Complement inhibitors to treat IgM-mediated autoimmune hemolysis

Abstract

Complement activation in autoimmune hemolytic anemia may exacerbate extravascular hemolysis and may occasionally result in intravascular hemolysis. IgM autoantibodies as characteristically found in cold autoantibody autoimmune hemolytic anemia, in cold agglutinin disease but also in a considerable percentage of patients with warm autoantibodies are very likely to activate complement in vivo. Therapy of IgM-mediated autoimmune hemolytic anemia mainly aims to decrease autoantibody production. However, most of these treatments require time to become effective and will not stop immediate ongoing complement-mediated hemolysis nor prevent hemolysis of transfused red blood cells.
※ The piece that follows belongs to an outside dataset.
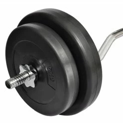 This curl bar with weights is great for home or personal training centers. This set consists of a curl bar of 5 kg and weight plates with a total weight of 25 kg. The curl bar set can be combined with our weight benches or/and our dumbbell sets for an even better training effect. The length of the curl bar is 120cm. You can easily make various combinations with the four plates, 2 x 7.5kg and 2 x 5kg. The star shaped screw collars ensure that the weights stay in place. The bar grip handles have a special structure for optimal grip during exercise. The weights have a noise-reducing plastic casing.
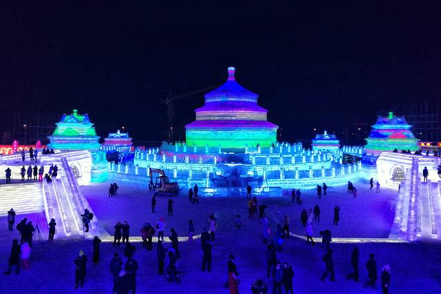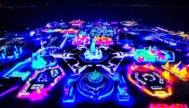 空中俯看冰雪大世界全景,冰的海洋光的世界。第18届冰雪大世界占地面积80万平方米,共划分为5大功能区:欢乐城堡区、欢乐体验区、欢乐互动区、欢乐演艺区、欢乐服务区,总用冰量18万立方米,总用雪量15万立方米。

Therefore pharmacological inhibition of the complement system might be a suitable approach to halt or at least attenuate ongoing hemolysis and improve the recovery of red blood cell transfusion in autoimmune hemolytic anemia. In recent years, several complement inhibitors have become available in the clinic, some of them with proven efficacy in autoimmune hemolytic anemia. In the present review, we give a short introduction on the pathogenesis of autoimmune hemolytic anemia, followed by an overview on the complement system with a special focus on its regulation. Finally, we will discuss complement inhibitors with regard to their potential efficacy to halt or attenuate hemolysis in complement-mediated autoimmune hemolytic anemia.

Figure 1.

Overview of the complement system. (A) Overview of the complement system including the main activation pathways. (B) The alternative pathway is initiated by spontaneous low-grade conversion of C3 into active C3 (C3b), which together with activated factor B (Bb) forms the alternative C3 convertase which can induce additional C3 cleavage in a positive feedback loop. (C) The classical pathway is activated by antibodies [one IgM molecule, multiple (preferably 6) IgG molecules] leading to the formation of the classical C3 convertase (C2aC4b) by the activation C2 and C4 by C1s/C1r. (D) The lectin pathway is initiated by binding of MBL (or ficolins) to sugar structures followed by activation of C2 and C4 by MASP1/MASP2, leading to the formation of lectin C3 convertase (C2aC4b). (E) C3-activation by the classical, lectin or alternative C3 convertase results in the formation of the C5 convertase. C5 convertase subsequently activates C5 resulting in the formation of the membrane attack complex (MAC). C: complement factor; MAC: membrane attack complex; MBL: mannan binding lectin; MASP: MBL–associated serine protease; P: properdin; C1-inh: C1-inhibitor; FI: factor I; CR1: complement receptor 1; MCP: membrane co-factor protein; DAF: decay accelerating factor; C4BP: C4-binding protein; FH: factor H.

Figure 2.

Regulation of the complement system by endogenous and pharmacological inhibitors. Plasmatic (green), membrane-bound (purple) and pharmaceutical (red) complement inhibitors. IgM is shown as pentamers on the red blood cells. C3b deposition is depicted as triangles on the red blood cell. Hemolysis by the MAC is depicted as red pores on the red blood cell membrane and a disintegrated membrane (so called red blood cell “ghost”). C4BP: C4b binding protein; MCP: membrane co-factor protein; DAF: decay accelerating factor; (s)CR1: soluble complement receptor 1; for other details see text.

Figure 3.

Inhibition of intra- and extravascular hemolysis in AIHA by complement inhibitors. Complement-mediated removal of RBCs can occur intravascular or extravascular by complement-receptor mediated phagocytosis, mainly in the liver and to some extent also in the spleen. C3b deposition is depicted as triangles on the red blood cell. C5b deposition is depicted as circles on the red blood cell. Hemolysis by the MAC is depicted as a disintegrated membrane. Eculizumab inhibits intravascular hemolysis, whereas TNT003 and C1-inhibitor are able to inhibit both intravascular- and extravascular hemolysis (adapted from Zeerleder 3).